Firstly, we experimentally study the object with high-transmittance T=100% based on the TGI and DGI algorithms. The reconstructed images for the letter “C” and Chinese character “” with different number of measurements are demonstrated in Figure 2(a) and (b), respectively. The images displayed in the first and second rows are obtained by TGI and DGI, respectively. We find that the DGI algorithm can acquire a clearer target image compared with TGI under the same experimental conditions. And the background of TGI reconstruction is always slightly stronger than that of DGI reconstruction under the same sampling number. Along with the growth of the number of measurements, the clarity of imaging results with DGI can be further improved but without significant improvement for TGI. The reason is that the detection intensity is corrupted by the noise from experiment, such as laser intensity fluctuation. The image quality improvement in the DGI and TGI was evaluated using the peak signal-to-noise ratio (PSNR) and visibility.²⁹ The visibility and PSNR of the letter “C” and Chinese character “” with increasing number of measurements are shown in Figure 3. It is clearly that utilizing the DGI algorithm could provide the significantly higher visibility and PSNR than that of using TGI algorithm. The results indicate that for high-transmittance objects, the DGI method can reduce the interference of background and enhance the image contrast.

Figure 2.

Experimental reconstruction results in different measurement numbers with transmittance T = 100%, 60%, and 40%, respectively. The measurements are 1000, 2000, 5000, 10,000, and 15,000, respectively. From (a) to (f), the images in the first and second rows are reconstructed by TGI and DGI, respectively. TGI: traditional ghost imaging; DGI: differential ghost imaging.

Figure 3.

(a) and (b) are the visibility and PSNR of the reconstructed images of the “C” and “” in different measurement numbers for the TGI and DGI methods with transmittance T = 100%. PSNR: peak signal-to-noise ratio; TGI: traditional ghost imaging; DGI: differential ghost imaging.

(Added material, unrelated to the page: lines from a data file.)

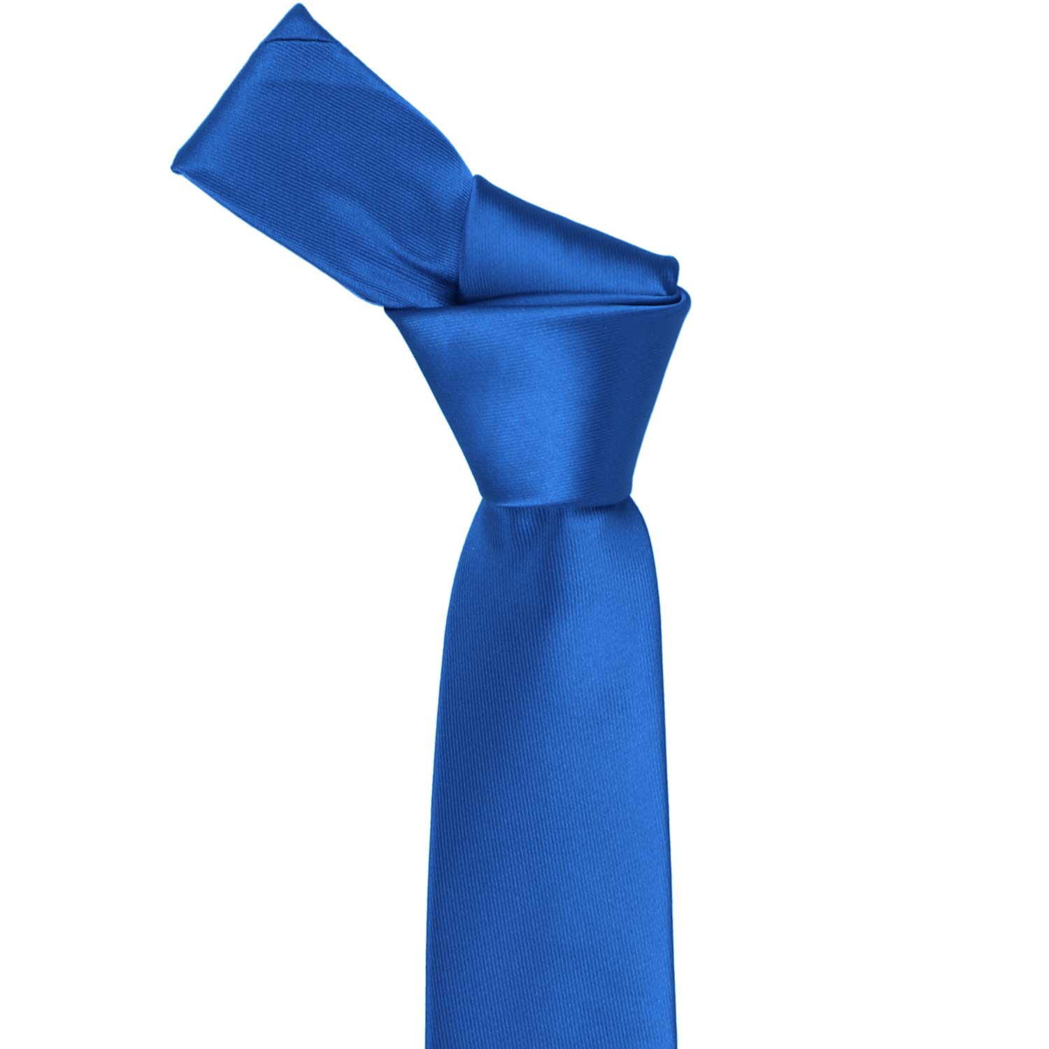 This royal blue slim necktie provides a subtly trendy look without going too skinny. The 2.5-inch width measures 0.5-inches wider than today's ultra-trendy skinny ties, but about 1-inch skinnier than a traditional men's tie. The in-between width makes it a popular choice for fashionably outfitting a large group of different-sized men or teens. Made from heavyweight woven material with slight ribbing.
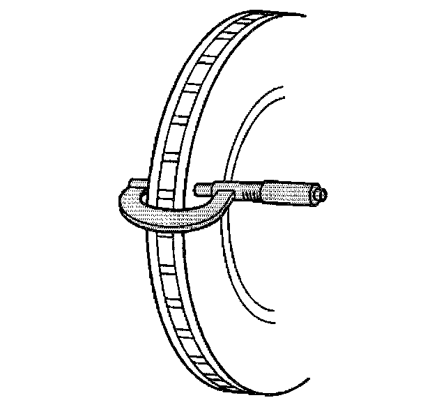 2. Using a micrometer calibrated in ten-thousands of an inch, measure and record the lowest thickness of the brake rotor at four or more points, equally spaced around the rotor.
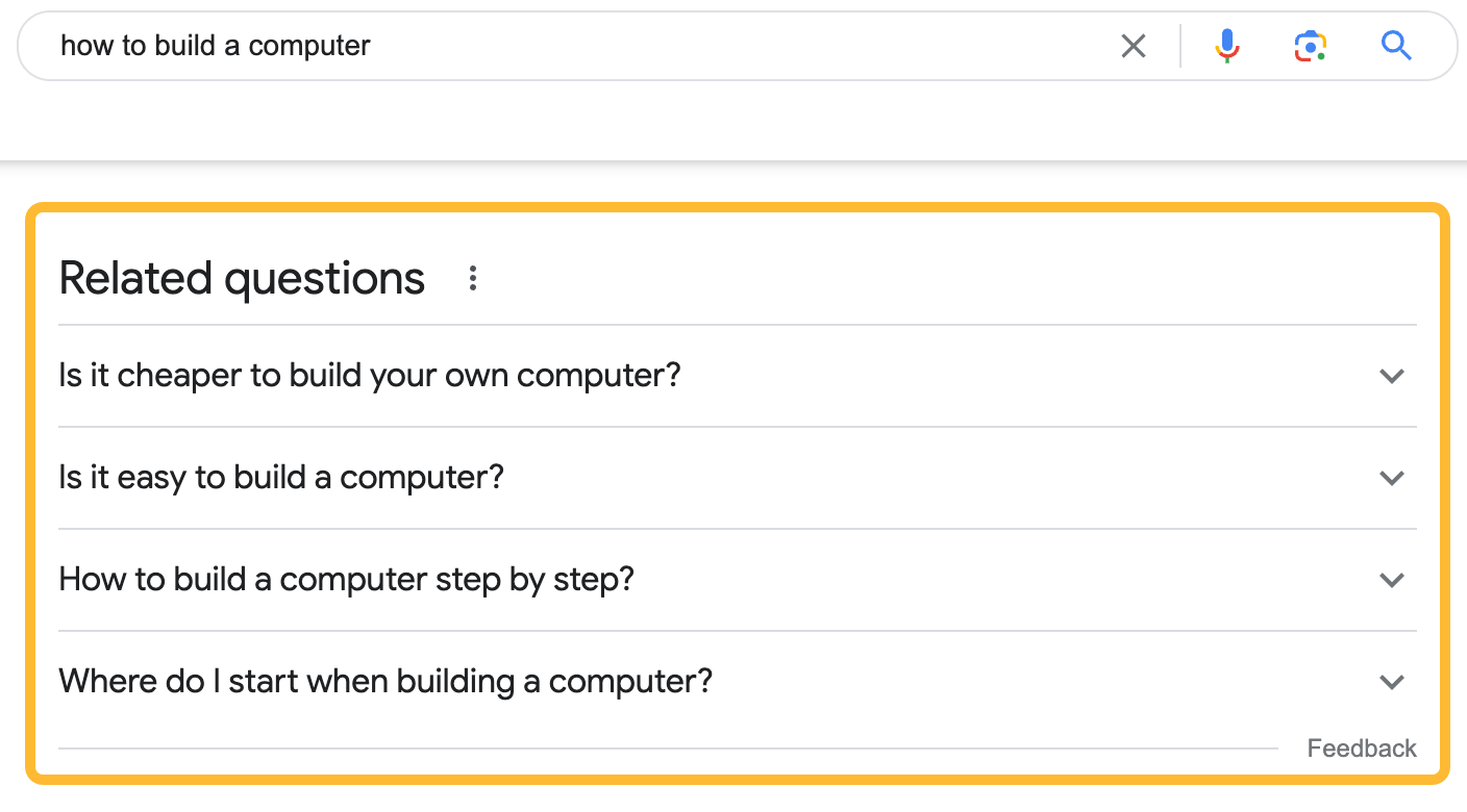 다른 SEO 도구는 이를 다르게 표시할 수 있습니다. 예를 들어, Google은 많은 검색어에 대해 "관련 질문" SERP 기능을 보여줍니다.
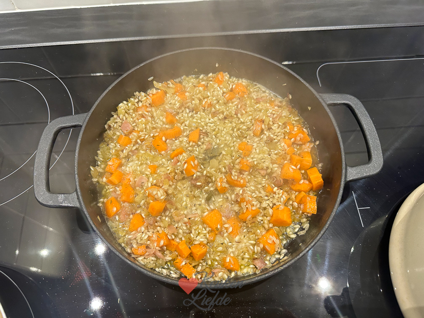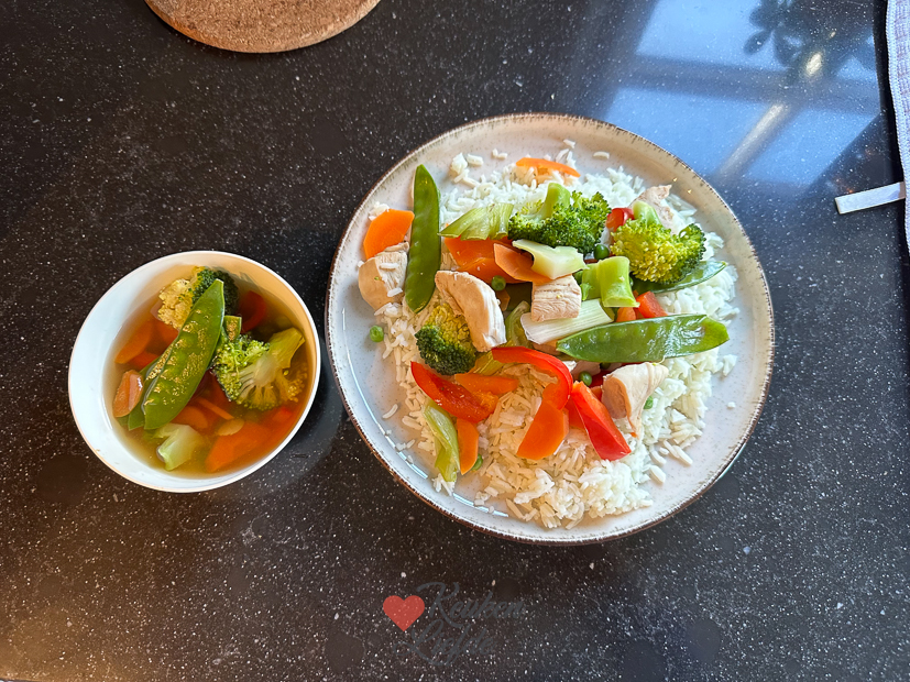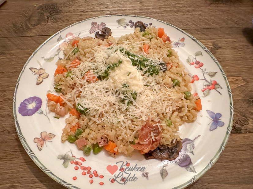 Omdat het ’s ochtends sneeuwt brengt Johan Ella en klasgenootjes naar school. ’s Middags worden ze weer thuisgebracht. Fijn, want ik heb vandaag weer een aantal recepten op de planning staan om te koken. Ik werk eerst een paar uurtjes op kantoor, daarna ga ik de keuken in. Een van de recepten die ik maak is risotto die je misschien al voorbij zag komen in onze IG-stories. Daarna maak ik ragout die een nachtje in de koelkast op moet stijven. Van het weekend ga ik daar bitterballen van draaien en frituren. De bitterballen zijn geïnspireerd op de kaas-bier-bitterballen die Lidl tijdelijk in het assortiment had afgelopen feestdagen. Ik vond ze heerlijk en wilde ze graag zelf maken. Omdat ik nog veel gesneden groenten en gemarineerde kip in de koelkast heb staan (van het stoomrecept dat ik gisteren in het klein maakte voor de website) eten we dat vanavond nog een keer als avondeten. Dit keer gooide ik de hele bak vol met de kip en groenten. We aten er wat gekookte rijst bij. We hebben er met z’n drieën heerlijk van zitten smullen.
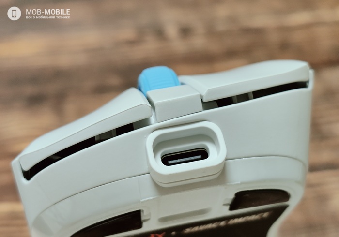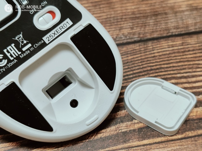 Чуть ниже сенсора располагается переключатель режима подключения, а в самом низу – отсек для хранения ресивера с магнитной крышкой.
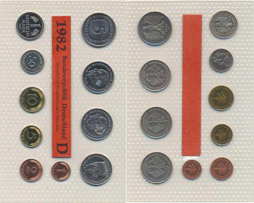 Ročníková sada mincí 1982 minc. D (1, 2, 5, 10, 50 Pf., 1, 5, 2 DM - Adenauer, Heuss, Schumacher) 10 ks zataveno v orig. foli i mincovny MS 33

Secondly, let us consider the influence of the low-transmittance objects on the GI. The results shown in Figure 2(c) to (f) present the TGI and DGI images at low-transmittance T = 60% and 40%. Low-transmittance levels bring a strong background and drastically reduce the quality of imaging results. This is because the intensity collected by bucket detector has been decreased heavily due to some impacts such as absorption, scattering, and consumption under the low-transmittance condition. Furthermore, the negative impact cannot be optimized obviously by growing the number of measurements.

Figure 4 compares the visibility and PSNR of reconstructed images with different transmittance. We can see that the background noise of the reconstructed images is getting worse and worse with the decrease of the transmittance. So, the quality of the DGI is valid for objects with high-transmittance but not for the low-transmittance ones.

Figure 4.

(a) and (b) are the visibility and PSNR of the reconstructed “C” and “” by changing the transmittance. The number of measurements is 10,000. Red columns are the reconstructed results of DGI and black columns are the reconstructed results of TGI. PSNR: peak signal-to-noise ratio; TGI: traditional ghost imaging; DGI: differential ghost imaging.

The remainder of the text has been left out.